* [Work task]:
Output, exactly and with no pictures, the line that contains "For those of" and every line that comes after it in the data below, the last one included.

* [Data below]:
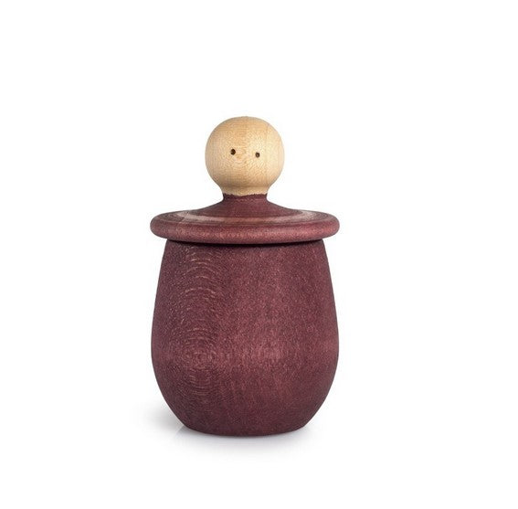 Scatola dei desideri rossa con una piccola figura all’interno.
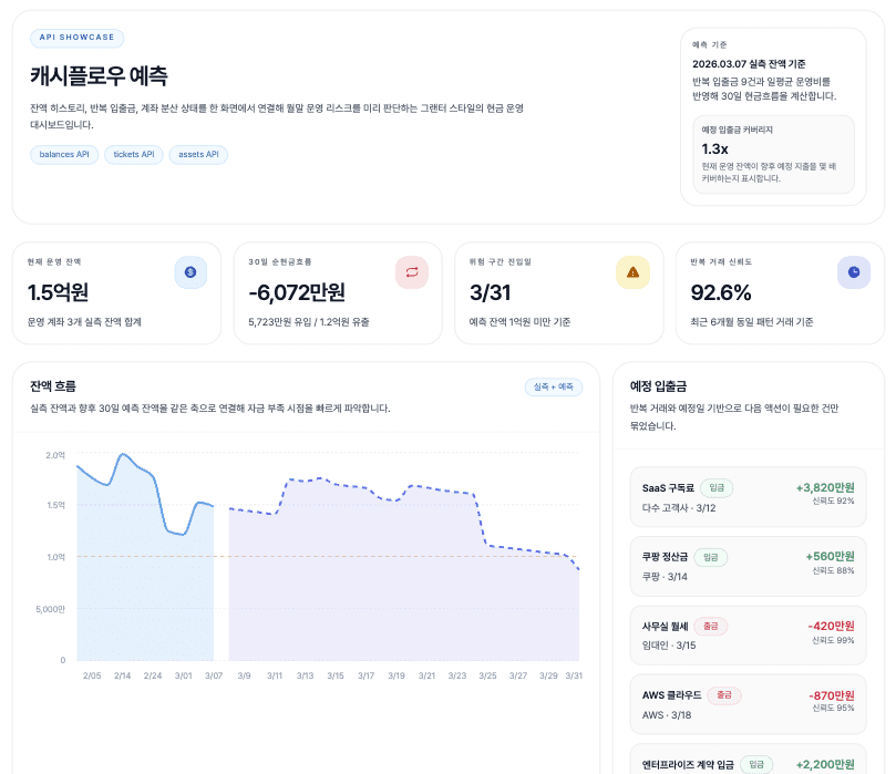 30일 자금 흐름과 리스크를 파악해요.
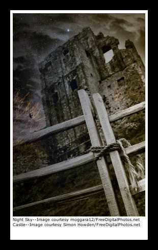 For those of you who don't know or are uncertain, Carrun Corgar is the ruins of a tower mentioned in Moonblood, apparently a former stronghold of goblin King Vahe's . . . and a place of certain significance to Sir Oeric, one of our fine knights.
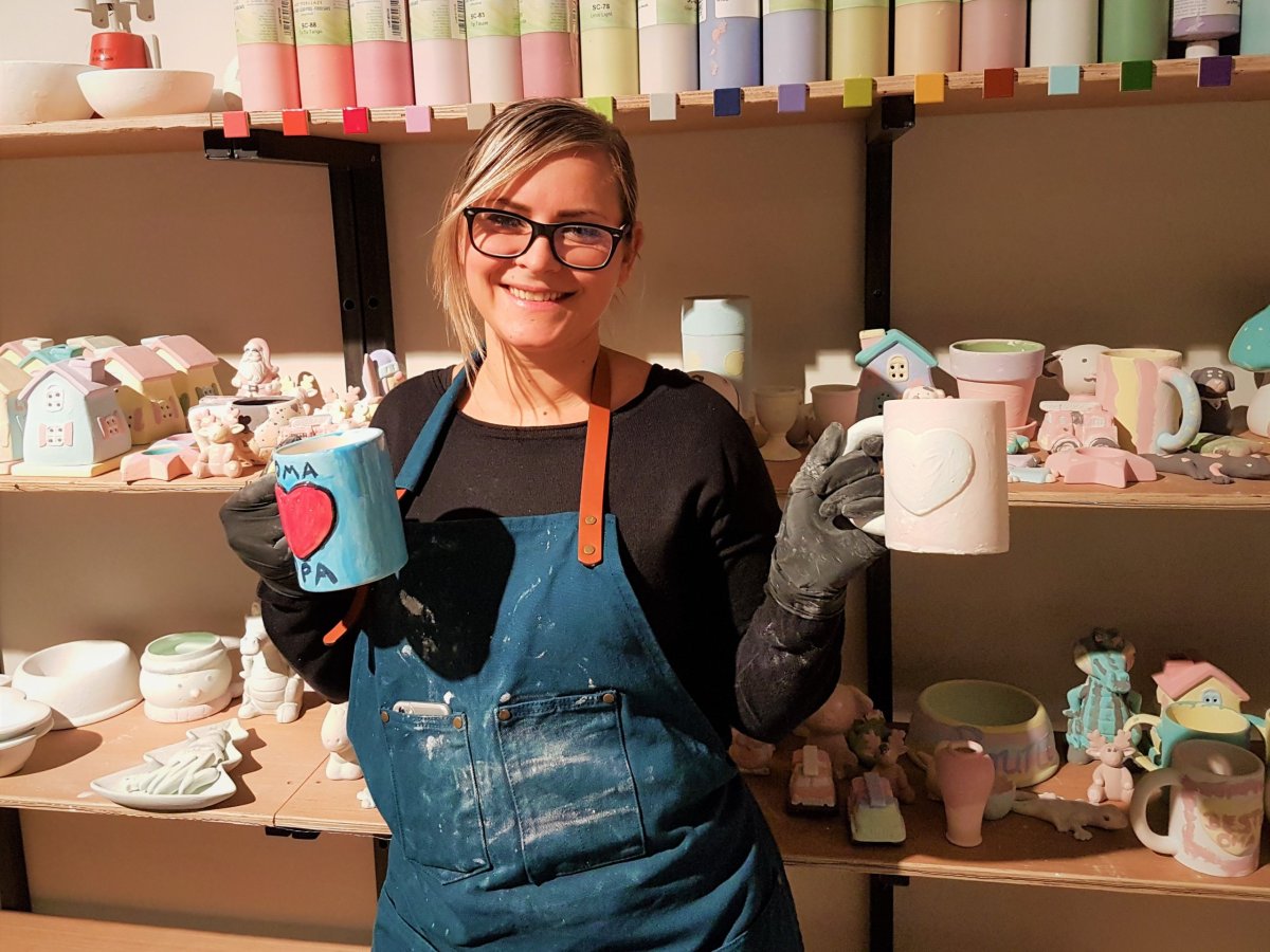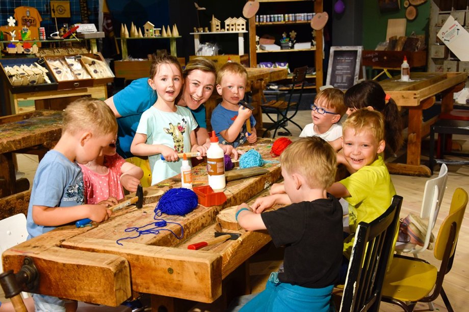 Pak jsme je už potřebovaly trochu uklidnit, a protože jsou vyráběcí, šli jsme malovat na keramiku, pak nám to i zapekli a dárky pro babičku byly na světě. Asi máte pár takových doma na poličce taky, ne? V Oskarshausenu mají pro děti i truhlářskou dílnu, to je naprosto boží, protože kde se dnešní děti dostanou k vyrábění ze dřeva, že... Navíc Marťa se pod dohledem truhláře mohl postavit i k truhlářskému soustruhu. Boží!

* [Written answer]:
 For those of you who don't know or are uncertain, Carrun Corgar is the ruins of a tower mentioned in Moonblood, apparently a former stronghold of goblin King Vahe's . . . and a place of certain significance to Sir Oeric, one of our fine knights.
 Pak jsme je už potřebovaly trochu uklidnit, a protože jsou vyráběcí, šli jsme malovat na keramiku, pak nám to i zapekli a dárky pro babičku byly na světě. Asi máte pár takových doma na poličce taky, ne? V Oskarshausenu mají pro děti i truhlářskou dílnu, to je naprosto boží, protože kde se dnešní děti dostanou k vyrábění ze dřeva, že... Navíc Marťa se pod dohledem truhláře mohl postavit i k truhlářskému soustruhu. Boží!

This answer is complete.